What do you do when you have limited time with your dying parent? You wait. And that’s what Evy (Nina Kiri, THE HANDMAID’S TALE, THE HERETICS) does as her mother lies on her deathbed, at home instead of a hospice.
This deathwatch is solitary, but she has The Undertone, a paranormal podcast she co-hosts with her friend Justin, where she’s the resident skeptic to his more open-minded views. They explore “all things creepy,” which helps her concentrate on something other than her mother’s inevitable passing.

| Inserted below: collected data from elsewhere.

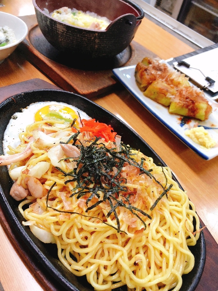 〆に鶏雑炊と塩焼きそば頼んだ〜!!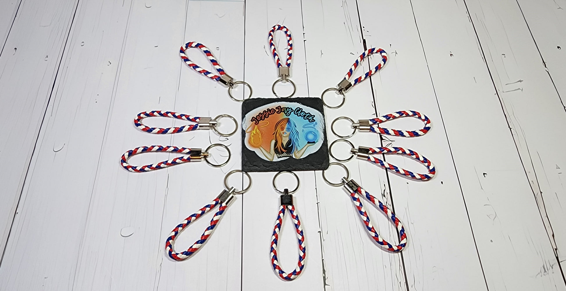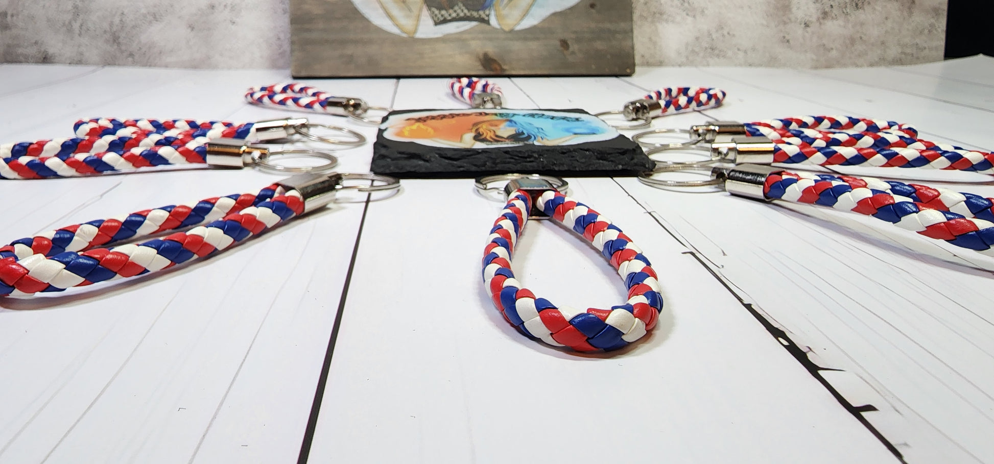 Red, White & Blue | Leather Braided Rope Key Chain Strap | Add on
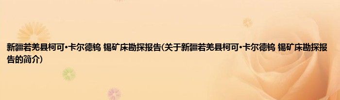 本文关于新疆若羌县柯可·卡尔德钨 锡矿床勘探报告的简介就讲解完毕,希望对大家有所帮助。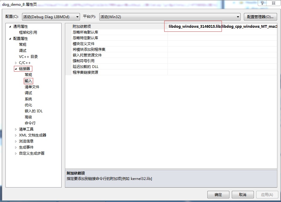用記事本打開正式號密鑰文件xxxxx.hvc,把內(nèi)容全部復(fù)制,找到示例目錄中的vendor_code.h文件,把hvc文件中的內(nèi)容替換到“unsigned char vendorCode[] =”后面的引號中,然后點(diǎn)擊“項目”-“屬性”,在"Link"的輸入項中添加依賴庫libdog_windows_x64_xxxxx.lib,并把原來的依賴庫libdog_windows_x64_demo.lib刪除,然后重新編譯生成即可。注意這個libdog_windows_x64_xxxxx.lib庫應(yīng)拷貝至工程文件所設(shè)置的依賴庫目錄列表中。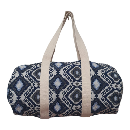 Boho Tribal Print Canvas Duffle Bag – Ethnic Pattern Travel, Gym & Weekend Bag with Beige Handles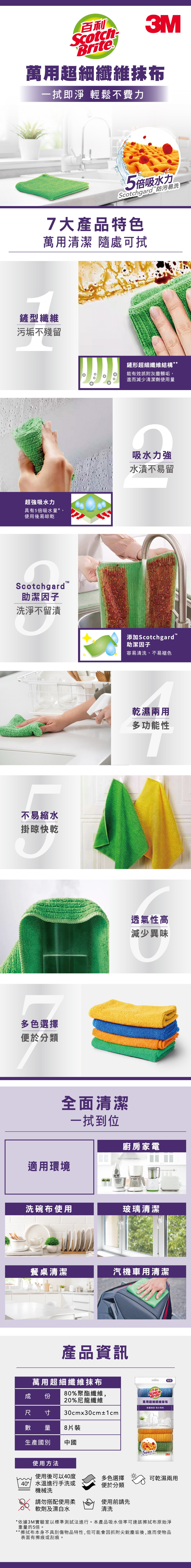 3M Scotch-Brite 百利 萬用超細纖維抹布 8條 30 x 30cm 1包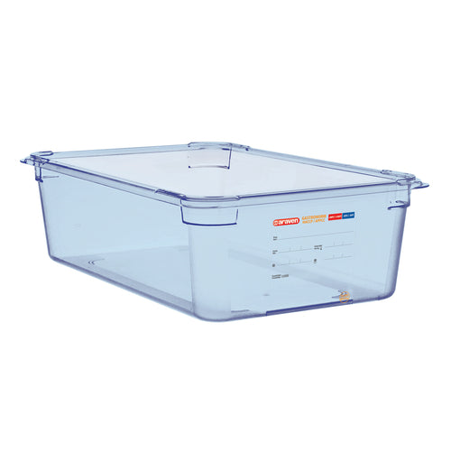 Araven Food Pan, 20.7 qt., 20-7/8" x 12-3/4" x 6", GN 1/1, without lid, airtight, permanent label, measuring scale markings, ergonomic, temperature range: -40°F to 194°F (-40°C to 90°C), dishwasher safe, ABS, BPA free, transparent clear blue, NSF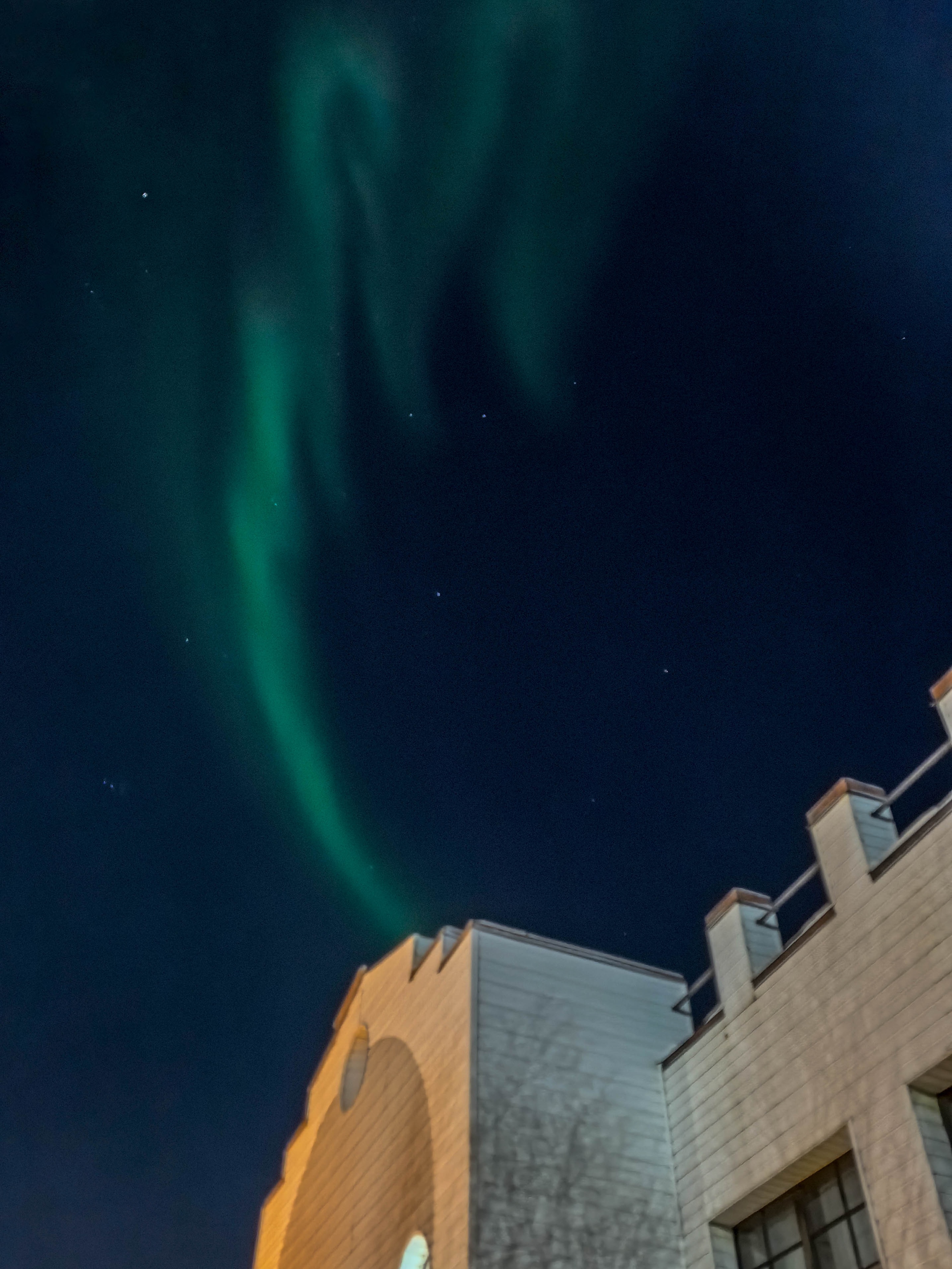 这并不是极光大爆发时天空被照亮的壮观场景,但也不存在很多人言之凿凿说的“极光是场骗局”——因为他们只看到了灰色的烟霭,从而确信极光只有在相机里才会呈现出绿色的光芒。极光的绿色确实是肉眼可见的,就在我们深夜返回在摩尔曼斯克城边小山上的酒店时,抬头望天,甚至看到了比在野外更为壮美的极光,巨大的绿色光带就在我们的头顶舞蹈。而推开酒店的窗户,则是绿色极光下,在平流雾里若隐若现的北方之城摩尔曼斯克璀璨的灯火。

When Justin receives an email with ten mysterious audio files from an anonymous sender, the duo listens to them on air. Each recording becomes increasingly sinister, and Justin starts to hear disturbing discoveries with nursery rhymes and weird sounds. As Evy does some personal investigation into the audio files, her mother’s house soon becomes a claustrophobic nightmare.
The build up of tension and anxiety are top-notch in THE UNDERTONE, mainly due to director Ian Tuason’s camerawork and skin-crawling sound design. The viewer never leaves the house. Not even when Evy leaves for one night. My stomach hurt once the credits rolled.
Religion, religious symbols, icons and myths are key to increasing viewers’ anxiety as they go down the rabbit hole with Evy and Justin. Many viewers may have done similar searches in their past – but with far less detrimental consequences.
Mother and child relationship dynamics go deep in THE UNDERTONE, with Evy coming to some devastating conclusions that lead to a climax and ending that completely overwhelms the senses.
There may some lingering questions once you are able to walk away from the film, but it will continue to haunt you in subtle ways.
I haven’t been this shook by a film since PARANORMAL ACTIVITY.
I highly recommend you do not watch alone, and trust me, you won’t want to leave the lights on when you go to bed.